Hands up anyone old enough to remember when 256 QAM was first proposed for domestic broadband who thought 'that'll never work over *****y aluminium twisted pairs?

I remember the proposal for QAM.

Do you remember ATM? I learned the whole thing, used it for working in a DSLAM. DSL used ATM as its transport layer.

Anyhow, my house set up got better.

Sometime around '98, my cable company got into the act, so I signed up as soon as they came to my neighborhood.

Just for safety, I kept the ISDN and added an NAS router ( with Windows 95WG ) behind the modems. This allowed me to select which path to the WAN, except that being Windows, it required a reboot (so if one went down, it would take five minutes to reboot and reconnect).
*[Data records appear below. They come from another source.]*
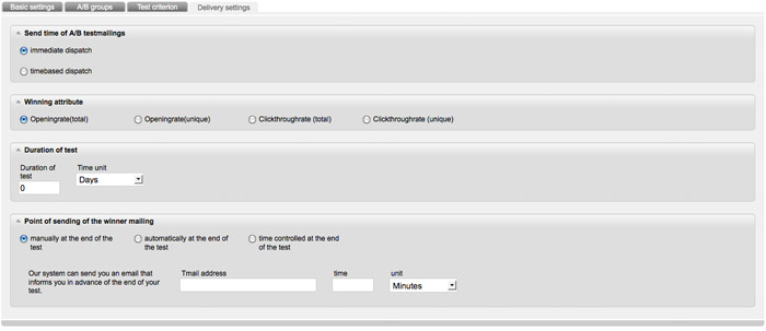 In the last tab you define the settings for the dispatch. Determine by which criterion (opening-rate or click-through-rate) MAILINGWORK should identify the winner. Equally important is to determine the duration of the test.
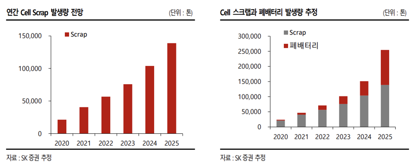 폐배터리가 본격적으로 발생하기 시작하는 2025년까지는 배터리 제조과정에서 발생하는 셀스크럽이 배터리 재활용에 주로 사용될 것으로 보고 있으며, 2026년부터 본격적으로 폐배터리 리사이클링 산업의 개화가 시작될 것으로 보고 있습니다.
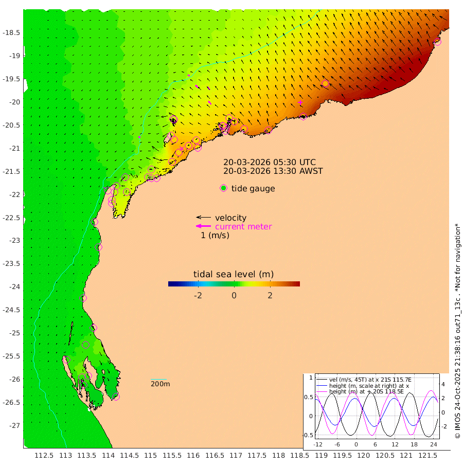 12cm/s -97T +12cm/s rms + 5cm/s -173T. NWSBAR 206m 7cm/s -136T +22cm/s rms + 10cm/s -148T. TAN100 109m 14cm/s -72T +11cm/s rms + 8cm/s -129T. PIL200 208m 24cm/s -47T +13cm/s rms + 7cm/s -137T. PIL100 105m 28cm/s -40T +12cm/s rms + 2cm/s -92T. PIL050 55m 6cm/s -127T +18cm/s rms + 4cm/s -149T. NRSNIN 61m 25cm/s -40T +6cm/s rms + 3cm/s 112T. NW Shelf M6 65m 25cm Withnell Point 32cm Denham 29cm Shark Bay (Inr Bn) 29cm Shark Bay 22cm Useless Loop -9cm Hamelin Pool 33cm Carnarvon 11cm Cape Cuvier 13cm Coral Bay 16cm Norwegian Bay 85cm Badjirrajirra 22cm Tantabiddi 55cm Point Murat 74cm Exmouth 86cm Learmonth 63cm Y Island 39cm North Muiron Island 50cm Roller 53cm Ashburton North 63cm Onslow (Beadon Creek) 55cm Thevenard Island 135cm Large Island 154cm North Sandy Island 95cm Barrow Island (Wapet Landing) 149cm Barrow Island (Tanker Mooring) 126cm Withnell Bay 96cm Trimouille Island 66cm North West Island 154cm Fortescue Road 127cm Steamboat Island 145cm Sholl Island 126cm Fairway Beacon 123cm Mawby Island 127cm Dampier (King Bay) 119cm Cape Legendre 154cm Hauy Island 171cm Port Walcott (Cape Lambert) 203cm Depuch Island 212cm Port Hedland 190cm Bedout Island 230cm Lagrange Bay
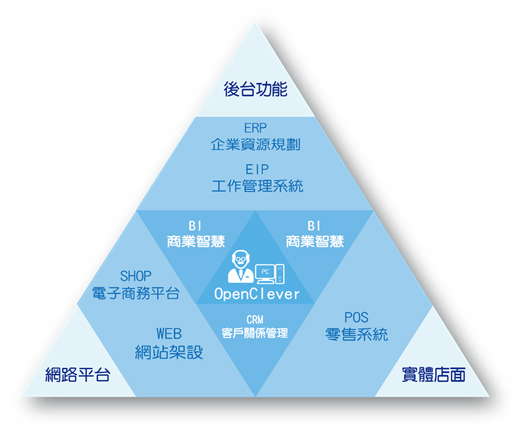 OpenClever中文名字為開雲寶典,是一套七合一的商業軟體。結合WEB-網站架設、SHOP-電子商務平台、POS-零售系統、
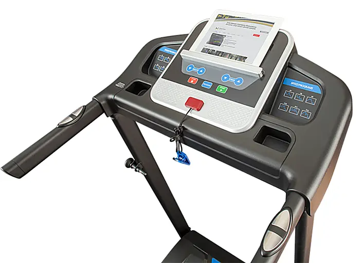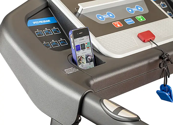 Вся необходимая информация о тренировке выводится на большом 5-дюймовом ЖК-дисплее с удобным расположением кнопок. Для вашего удобства есть встроенная подставка для планшета и аксессуаров, где вы можете хранить пульт дистанционного управления и все необходимые вещи под рукой, именно там, где вам нужно. Датчики пульса на боковых ручках удобно помогают вам оставаться в зоне тренировки. Дополнительно для беспроводного контроля пульса тренажер оснащен телеметрическим приемником 5кГц.
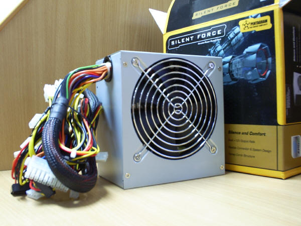 Urządzenia Pentagrama należą do grupy lubianych przezemnie zasilaczy z wentylatorem 120 x 120mm umieszczonym w dolnej części ich obudowy. Ma to swoje dobre strony, bo zazwyczaj taki układ chłodzenia jest cichszy od systemów z jednym lub dwoma wentylatorami 80 x 80mm (pomijając oczywiście firmowe konstrukcje np. BeQuiet, Tagan) a przy tym zapewnia dobrą wymianę powietrza w obudowie i wyciąga ciepłe masy, tuż znad coolera chłodzącego procesor. Czy zaznamy ciszy z Pentagramami na pokładzie ? O tym trochę później ...
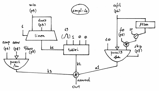 The SAMPL-3 and SMPL-4 use the GEN01 subroutine which transfers data from a soundfile into a function table, i.e. the audiophile is charged only once on the RAM.
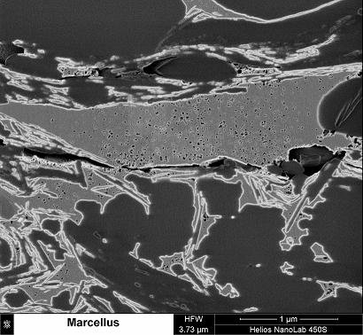 | Image of a Marcellus shale sample with nanoscale pores visible within organic matter, taken using a Helios system from FEI |
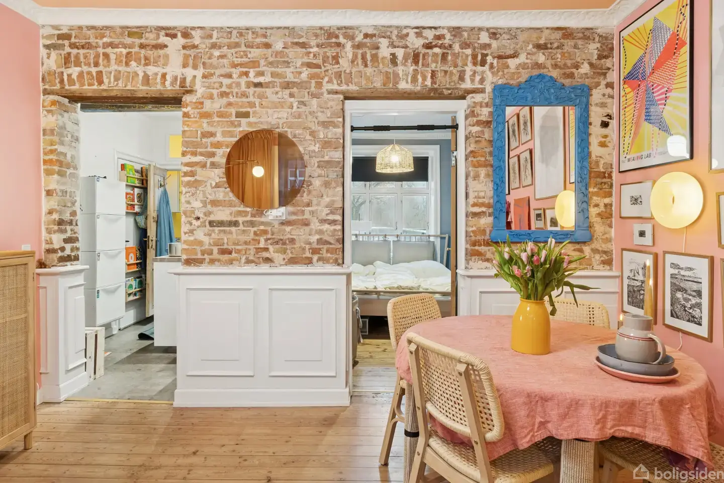 Høj og hyggelig stuelejlighed på Amager Midt på Amager, få skridt fra Amagerbrogade, ligger denne lejlighed højt i stueetagen i en velholdt rødstensejendom fra 1903. Der er tale om en pæn, lys og stemningsfuld bolig, som består af to værelser, et køkken og et badeværelse. Derudover er der brugsret til et kælderrum, som du nemt kan tilgå ad bagtrappen. Det største værelse i lejligheden er oplagt som dagligstue, hvor rustikke og elegante detaljer er kombineret med en farverig indretning. Der er fu
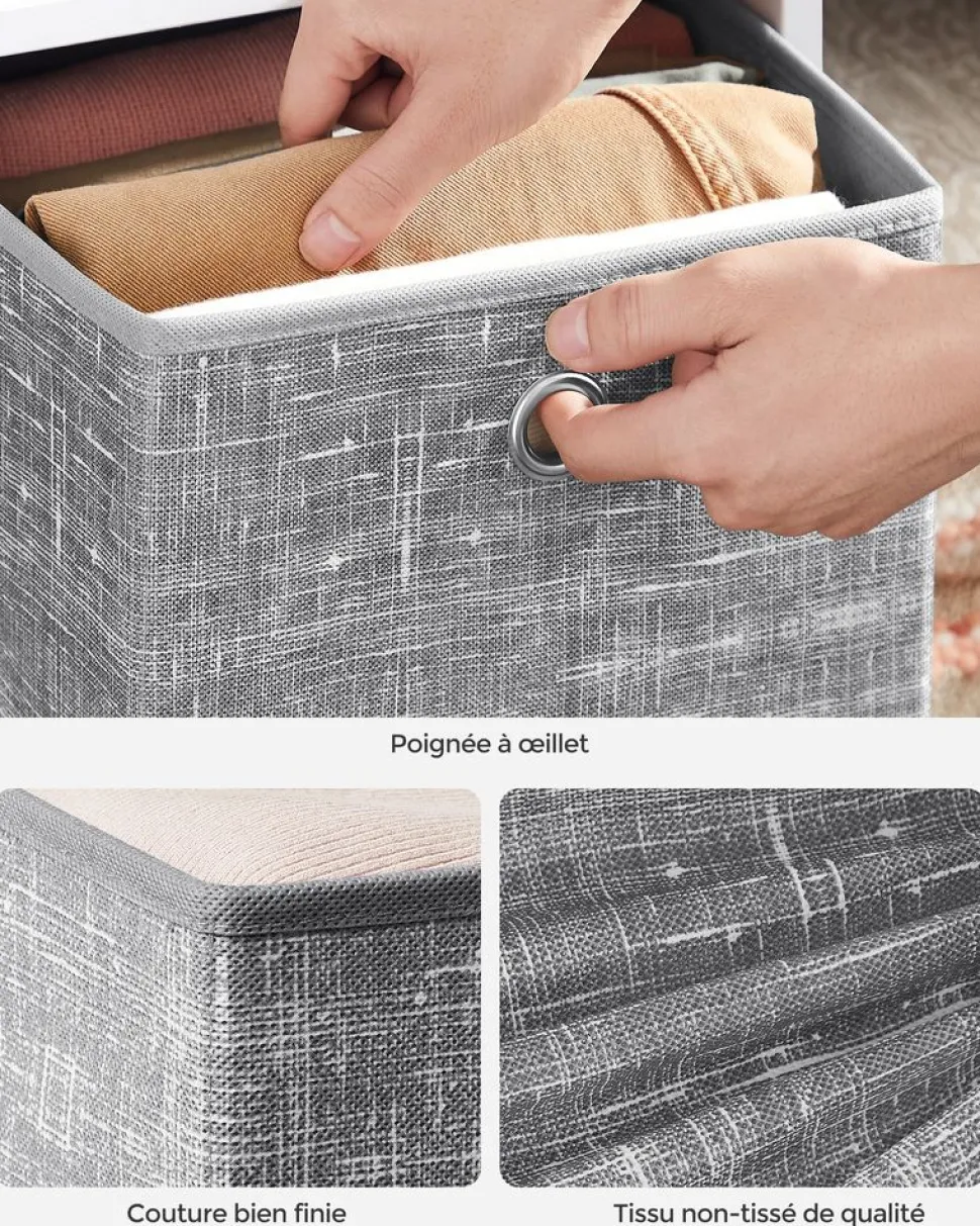 SKU: SKURFB033G01 Categories: Chambre, Rangements, Rangements À Vêtements, Rangements Par Pièces, Rangements Par Types Tags: Beige Sable, Bleu Brumeux, Gris Chiné, Noir, Rose Bonbon, SONGMICS, Taupe Brand: SONGMICS

But at least the machines in my home LAN didn't have to worry, all they had to do was connect to the local gateway (192.186.0.240).

Doing this forever foresook any hope of support with Tier 1 personnel since they had no clue what I had at home. Eventually I got direct lines to the Tier 2 support for both ISDN ( already had them ) and cable modems.

The cable modem kept going up and down and sideways. Long stories... needless to say, I ended up adding a windows NT machine behind the cable modem and the Win95 router. This was a zona franca and I installed the cable companies feedback tools. In exchange for that, and running the biggest, hotest cable modem ever made (some kind of a Motorola) I got free Internet service.

This ran until '04 when my Bitsurfer Pro broke it's ringer. PITA, as I was using as a normal dual line phone, which at $30 a month was a steal.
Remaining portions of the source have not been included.